Asterix and the Banquet received positive reviews following its publication, with the original cover of the comic later being sold for a record sum in an auction in Paris in 2017.

==Plot summary==
Prefect Overanxius, sent by Rome as an Inspector General, arrives at the fortified camp of Compendium in Armorica. Upon arriving, he informs the camp's commander he intends to conquer the Gaulish village that resist Roman rule. Despite protests against this, the camp reluctantly leads an assault - which is promptly repelled by the Gauls thanks to the power of the magic potion that grants them superhuman strength. Undeterred, Overanxius orders the camp to erect a stockade around the village so that it's isolated from the rest of the world.

The village promptly resents this, leading to Asterix issuing a challenge to Overanxius: if he can escape the stockage and successfully secure for his village many of the delicacies of Gaul for a banquet, the Romans must tear down the stockade in defeat. Overanxius agrees to the challenge; however, after Asterix and Obelix breach the stockade to begin their journey, he promptly sends word to every Roman garrison in Gaul to find and arrest the pair. After securing their first item in Lutetia (Paris), Asterix and Obelix purchase a useless horse and chariot by a dishonest salesman; they later steal a Roman breakdown chariot to replace these.

Upon reaching Camaracum (Cambrai) to buy boiled sweets, they find that many Gauls have heard of Asterix's challenge. While some are willing to help them win their challenge by causing problems for the Romans, others secretly hope to betray the pair for a reward from the Romans. Evading Roman patrols, Asterix and Obelix secure purchases in Durocortorum (Reims), Lugdunum (Lyon), Nicae (Nice), Massilia (Marseille) and Tolosa (Toulouse), but are robbed by two Roman highwaymen when they camp for the night. Pursuing the thieves to Burdigala (Bordeaux), the pair manage to recover the stolen items after Roman soldiers mistake the thieves for them.

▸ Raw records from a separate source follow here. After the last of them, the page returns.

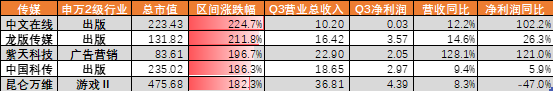 傳媒板塊的上漲除了概念要素外,也疊加了業績基本面向好的趨勢,前三季度傳媒行業平均營收增速達到5.8%,利潤增速更是達到了23.3%。
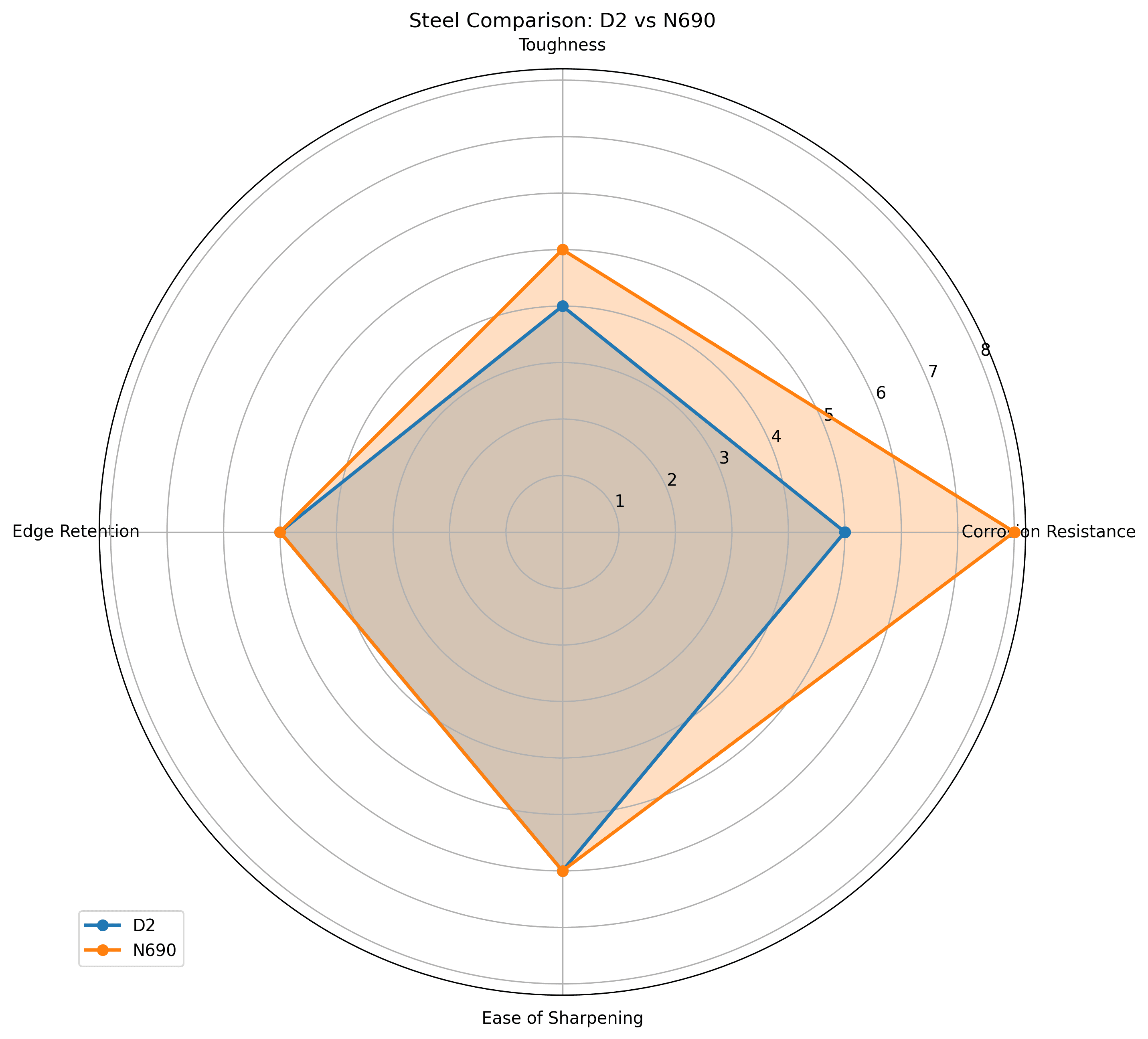 | PROPERTY | D2 (Tool Steel) | N690 (Stainless) |
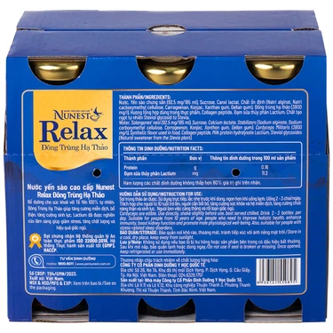 Nước yến sào cao cấp Nunest Relax đông trùng hạ thảo là thực phẩm bổ dưỡng cho sức khoẻ với tổ yến 100% tự nhiên. Sản phẩm còn chứa đông trùng hạ thảo giúp bổ thận, tăng miễn dịch và Lactium làm giảm căng thẳng mệt mỏi.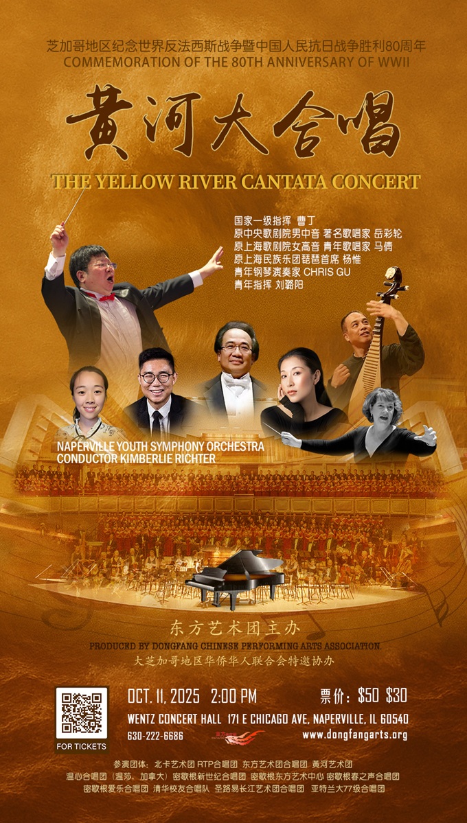 【芝加哥侨学网讯】 2025年10月11日下午2:00,一场充满纪念意义与艺术高度的音乐盛典——V80《黄河大合唱》纪念音乐会将于芝加哥Naperville的Wentz音乐厅震撼上演。届时,来自美加地区的三百余位艺术家和演员将齐聚一堂,共同纪念世界反法西斯战争胜利暨中国人民抗日战争胜利80周年。
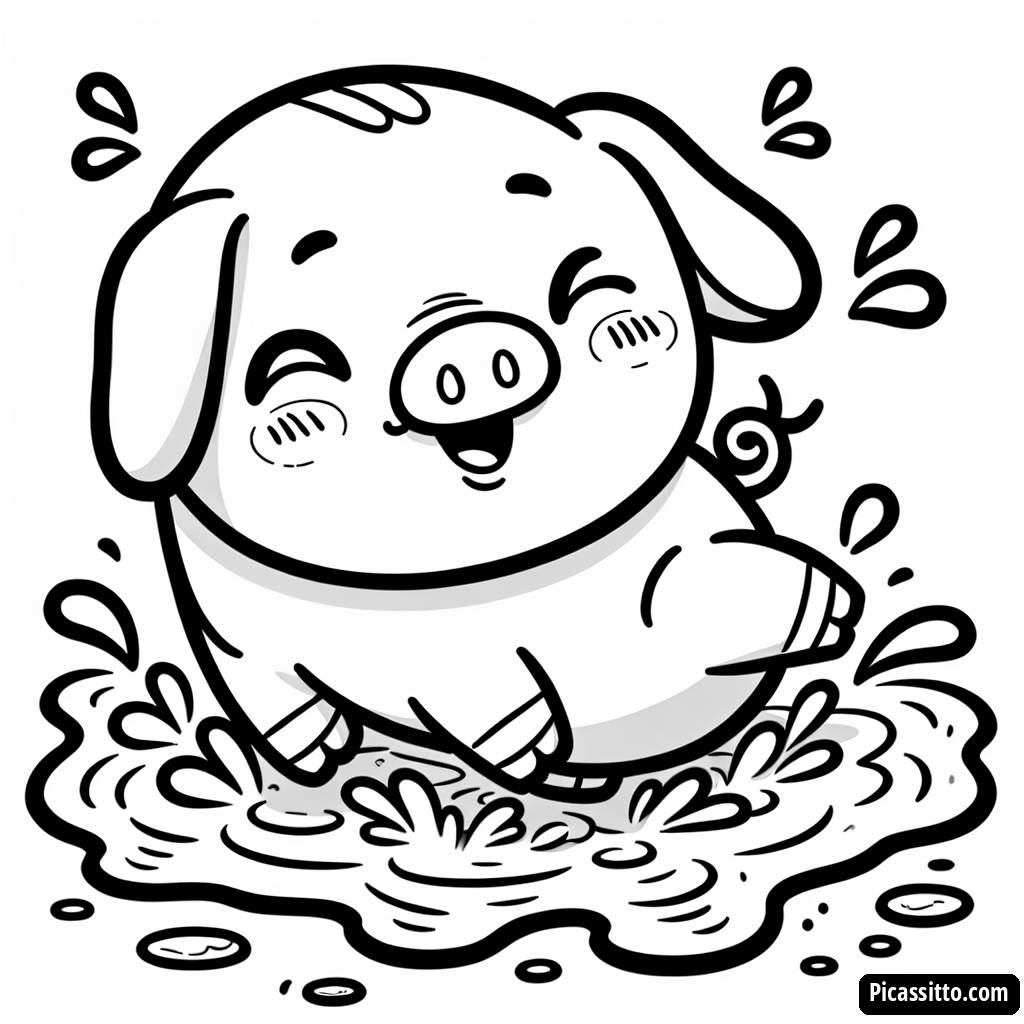 Profitez d'un moment agréable avec cette page à colorier gratuite et imprimable mettant en scène un cochon joueur éclaboussant dans une flaque de boue. Idéale pour les enfants qui adorent les animaux de la ferme!
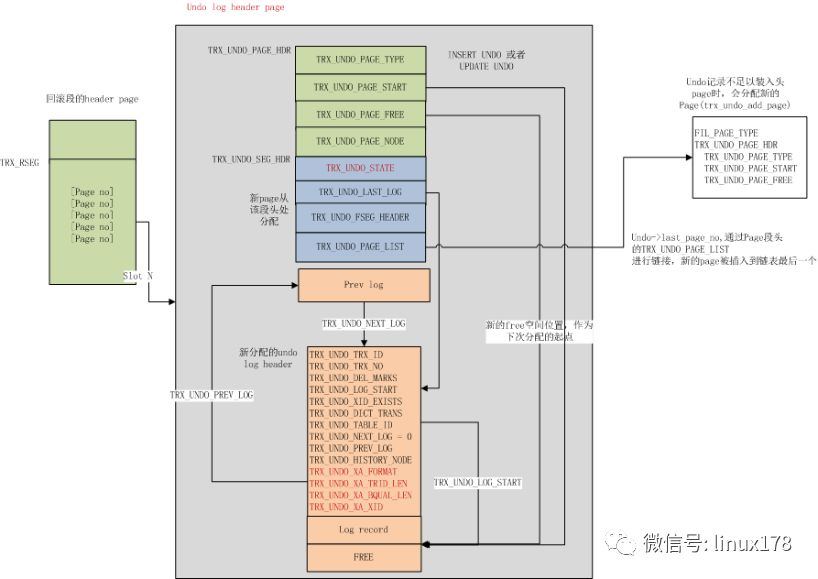 每一个Undo log segment实际上对应一个独立的段,段头的起始位置在UNDO 头page的TRX_UNDO_SEG_HDR+TRX_UNDO_FSEG_HEADER偏移位置(见下图)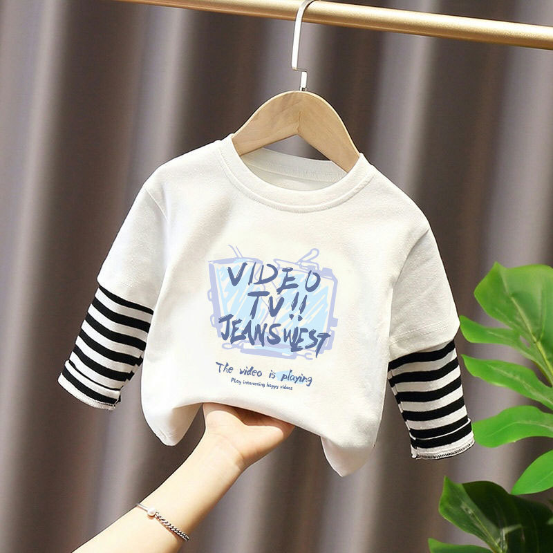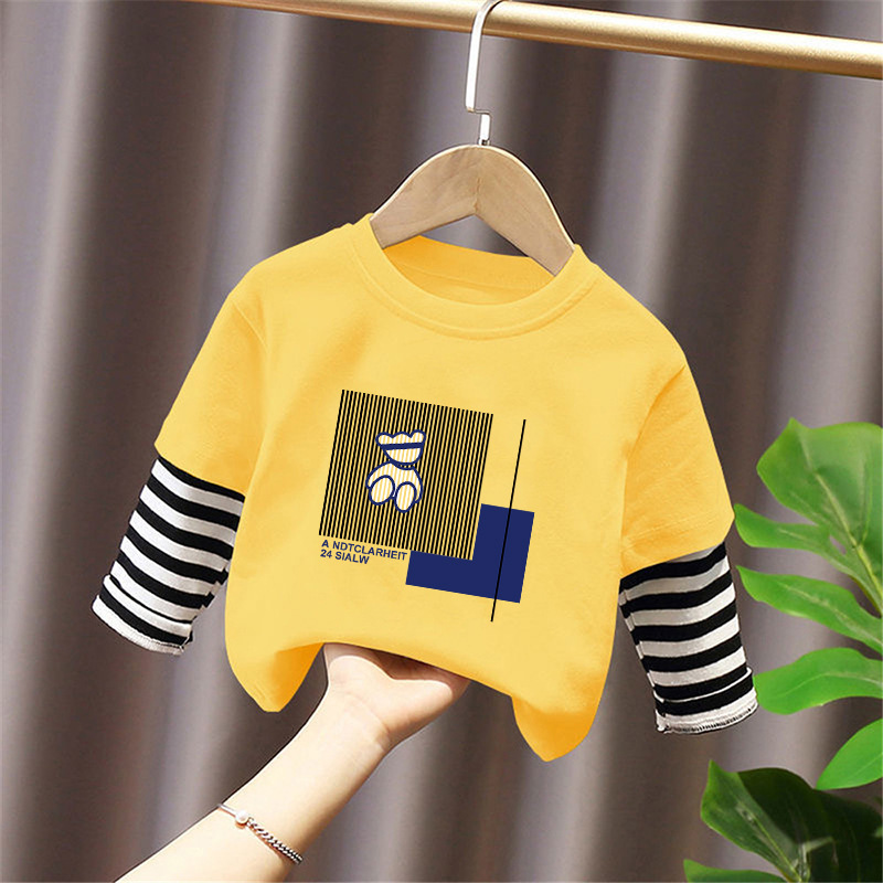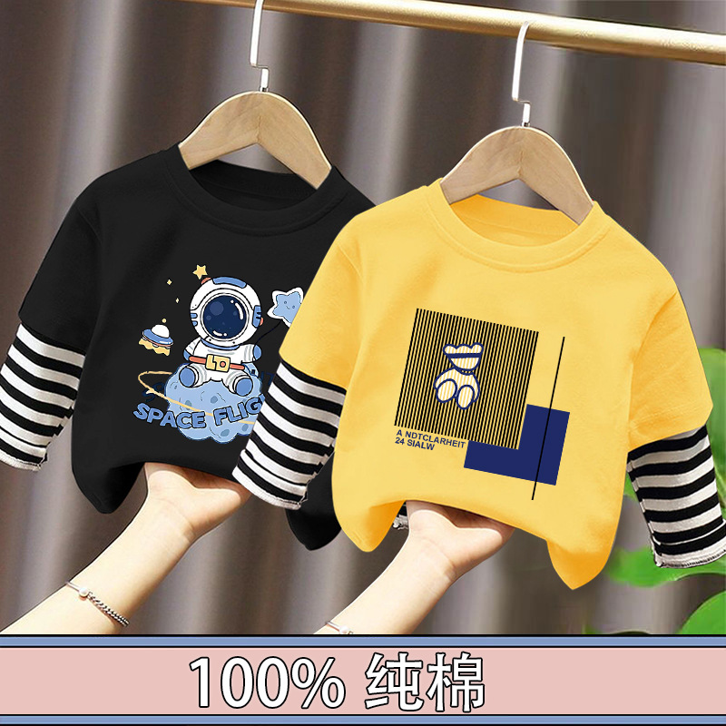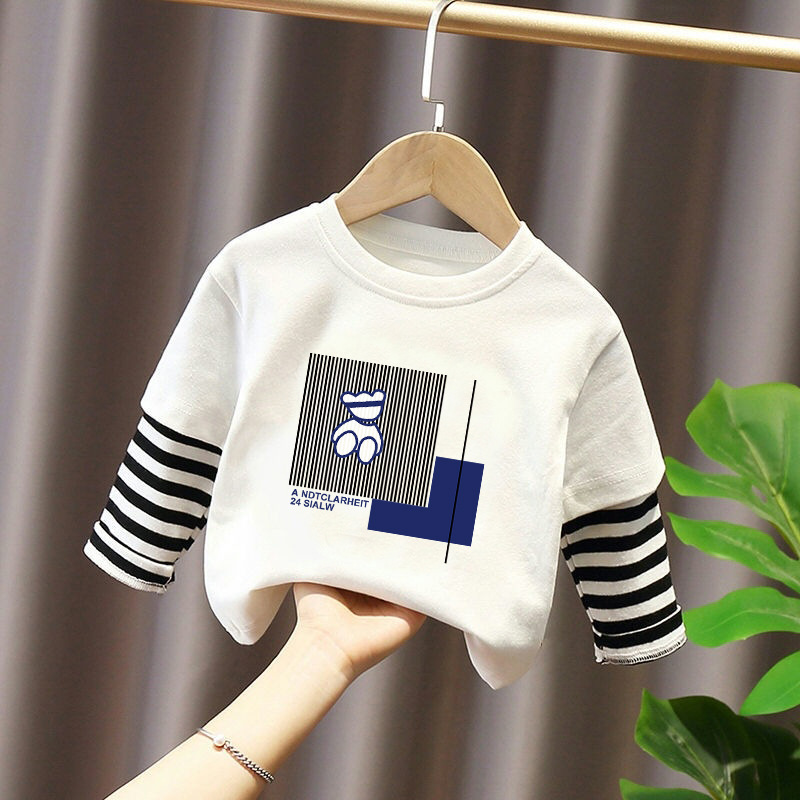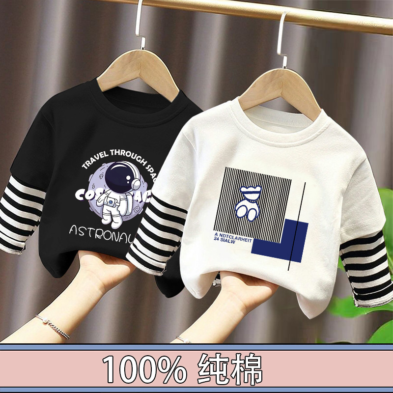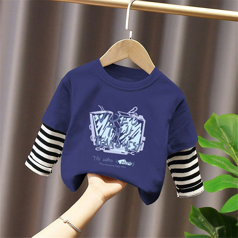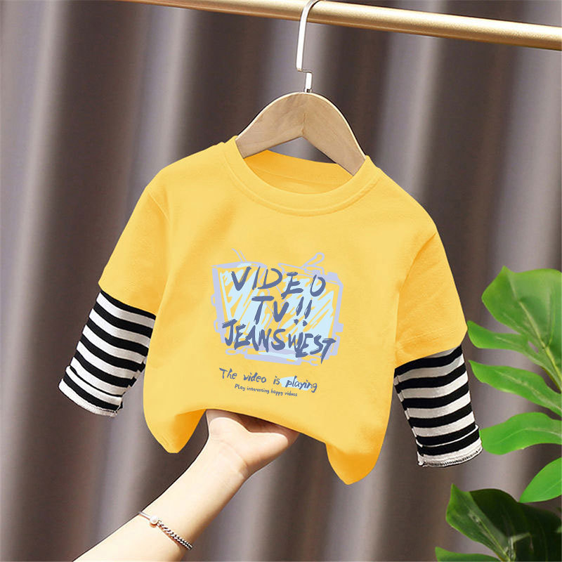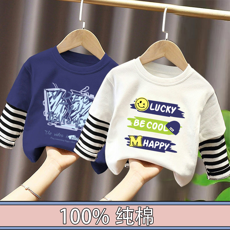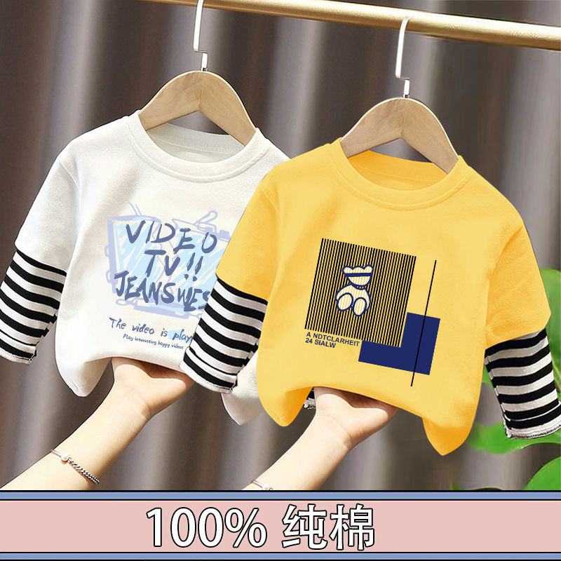 100% Cotton Boys' Fake Two-Piece Long-Sleeved T-Shirt Spring and Autum New Style Kidsren's Baby Fashionable Versatile Casual Tops

After sourcing their next item in the city, they securing passage to Gesocribatum (Le Conquet) on a ship run by Captain Seniorservix - who is honored to help them and smuggles them into the city after they protect his ship from the pirates. Securing the last item, the pair return to their village which arranges the banquet. Asterix promptly invites Overanxius to witness his victory before punching him for acting dishourably during their bet. As the villagers celebrate Asterix's triumph, Obelix discovers that they had been followed since their stop in Lutetia by a small white dog, whom he immediately adopts.

==Characters==
- Asterix – Gaulish warrior, and the main protagonist of the story.
- Obelix – Gaulish menhir delivery man and warrior, and a close friend of Asterix. This story introduced a running gag for the character that would occur in later stories, in which he would often protest against any mention of himself being "fat".
- Dogmatix – A small white dog, who follows Asterix and Obelix on their journey. The character (unnamed in this comic) was meant by Goscinny to be a running gag for the story. However, they proved a popular creation that the Asterix creators decided to keep him as a mascot for the series, going against Goscinny's original notion that it should not feature any pets for the main characters.
- Getafix – Gaulish druid of the village, responsible for the superhuman magic potion they use.
- Vitalstatistix – Chief of the Gaulish village.
- Prefect Overanxius – A Roman official, designated as Inspector General, sent by Rome to deal with the Gaulish village in Armorica.
- Centurion Lotuseatus – The current commander of the Camp of Compendium. While the French publication reused the same character and their name - Gracchus Nenjetépus (in the English version, known as Gracchus Armisurplus) - from Asterix the Gladiator, all other international publication renamed the character.
- Seniorservix – Gaulish captain of a menhir trading ship.
- The Pirates – A group of pirates led by Captain Redbeard, who often suffer bad luck with the Gauls.

==Cultural references==
Asterix and the Banquet featured many cultural references to France and the various regions, along with its culture. The plot of the comic was deeply inspired by the Tour de France bicycle race. Alongside this, other major references to France included:

- In the original publication, the sack carried by Obelix was coloured yellow with a white patch, in reference to the race leader's jersey in the Tour de France. (In a noticeable error on the cover of the collected edition, the sack is instead green with a yellow patch)
- The dishes are Lutentian ham, bêtises de Camaracum, wines from Durocortum, sausages and meatballs of Lugdunum, Nicae salad, Massilian fish stew, Tolosa sausages, Aginum prunes, and oysters and white wine from Burdigala.
- A scene involving the backalleys of Lugdunum, references the traboules of Lyon that were used by the French Resistance during World War II. The creators paid homage to the Resistance with a parody outfit called "The Gaulish Resistance".
- Several scenes in Massilia on the 36th page reference the works of filmmaker Marcel Pagnol - Marius (1931), Fanny (1932) and César (1936). Pagnol greatly approved of the parodies the Asterix creators made, remarking that "work will be immortal...because it's appeared in Astérix!"
- A number of parodies reflecting the regional stereotypes of inhabitants of Normandy and Marseille, as well as Parisian traffic and the holiday season in Nice.
- A phrase in the comic - "Je vous promets qu'on n'a pas fini d'en parler de l'affaire du courrier de Lugdunum!" - is a reference to a late 18th century trial involving an innocent man who was wrongfully convicted and executed for a robbery that led to murder.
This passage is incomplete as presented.